Today, more emphasis is put on students’ ability to be flexible in their thinking, as well as their ability to articulate how and why solutions work. This, Everette said, leads students to a more comprehensive understanding of the "why" behind mathematics. Being able to calculate is just one small piece of solving real problems, she said, but the ability to problem solve is what really matters.

Yes, parents really can help

Bird advises parents to contact their child’s teacher to determine the best way to help at home. She encourages families dealing with math homework frustration to set it down for the night and visit with your child’s teacher before proceeding.

All of the educators we spoke with encourage parents to ask their child’s teacher about online resources available for parents, which Everett said "can often help you ‘see’ what is going on the in the classroom." King specifically suggets free online tools like YouTube and Khan Academy to learn from.

For parents unsure or where to begin, Rolf advises simply talking to your child about what they learned that day. “Get your student to talk about their experiences in the classroom: What do they remember talking about with their classmates? What questions did their teacher ask them?” he said.

Everette also urges parents to ask questions in a way that drives thinking without having to know the exact steps in class. She suggests using phrases like:

  • “How do you get started?”
  • “What do you know from the problem?”
  • “What are you trying to find out?”
  • “Can you draw a picture to help?”
Once they start talking, Rolf said children naturally start drawing on the information they need.

A growth mindset matters most

One area all five of these Utah educators emphasized as essential for parents is to avoid telling your child that because you didn’t excel at math, it’s OK if he or she doesn’t either. What’s key is to encourage your child to have a growth mindset rather than a fixed one.

“A fixed mindset is when you think you can’t do something," Rolf explained. "A growth mindset is knowing that you can do anything, but it might just take more work."

Everette said the idea with a growth mindset is that even though you may not yet understand something, you know that you can and will continue to work toward the goal; whereas a fixed mindset is one of failure or a hard stop.

Parents can promote a growth mindset at home, Rolf said, by encouraging their child to keep trying and not allowing them to say “I can’t.”

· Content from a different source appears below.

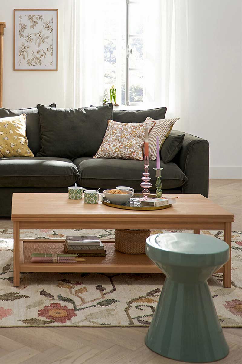 Le salon, c’est la pièce à vivre tout confort, où l’on aime passer du temps, seul ou avec sa famille et des amis. Nous devons pouvoir recevoir et accueillir. Je vous ai donc repéré des canapés soldés à mixer avec des fauteuils, des tables basses et des bouts de canapé. Pour la décoration, il est bon de multiplier les petits luminaires, d’avoir un bon tapis.
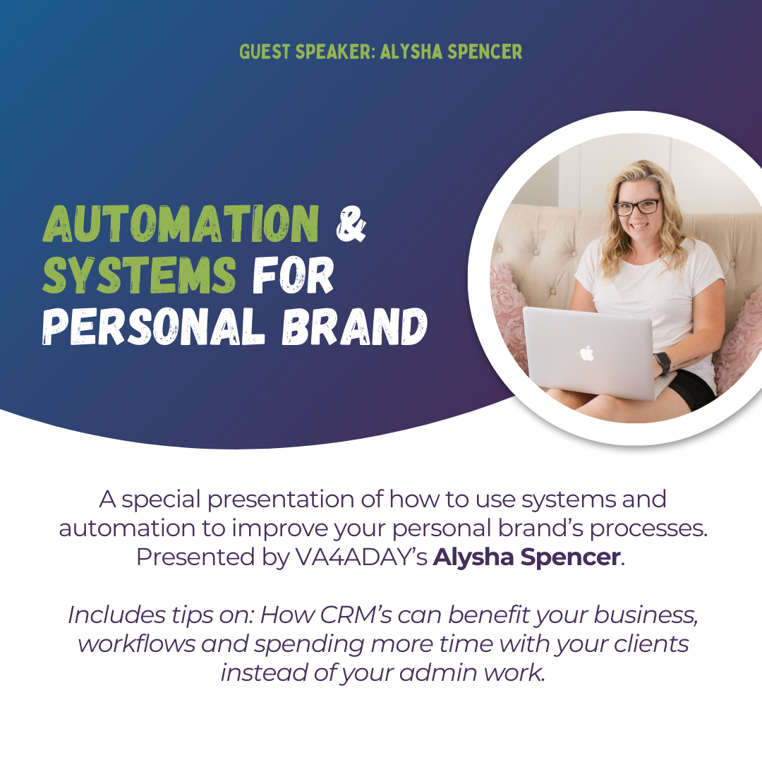 Learn some tips and tricks for using automation and systems in your personal brand. We are joined with special guest Alysha Spencer from YourVA4aDay who absolutely loves using Content Relationship Management Systems like 17hats to improve your workflows. She'll give us some insight and actionable items to streamline your business.

“If we only focus on the successes, we send the message that those are the only things we care about." - Adam King, Davis School District

“I encourage parents to add the word ‘yet’ to their vocabulary," Bird added. "When a child says, ‘I can't do that (math problem),’ a parent can reply, ‘You can't do it yet, but if you keep working on this you will be able to do it!’”

Lemon said parents can also encourage a growth mindset toward math by having a positive attitude about the subject. “If parents have a negative attitude about mathematics, or say ‘I was never good at math,’ they promote a negative attitude towards math that is very damaging to their child," he said.

Rather than speaking about your deficiency in math in front of your children, Lemon advises sharing the importance of learning and problem-solving.

King is such an advocate of incorporating growth mindset discussions in his teaching that each day he asks his students about the mistakes they made. “If we only focus on the successes, we send the message that those are the only things we care about," he said. "Imagine if we celebrated the learning process as much as the final answer!”

Math today

Bird says math education several decades ago is nothing like math education today, so there really is no need to dread the day your child comes home with seemingly difficult math homework.

Some of the challenge can be resolved with a simple shift in mindset. From there, connect with the teacher about available resources and ask your child prompting questions about their day, working together to learn the process behind solving the problem.

Finally, try to forget the frustrations with math you may have had yourself and take advantage of the research-backed, new approaches Utah educators are using in the classroom.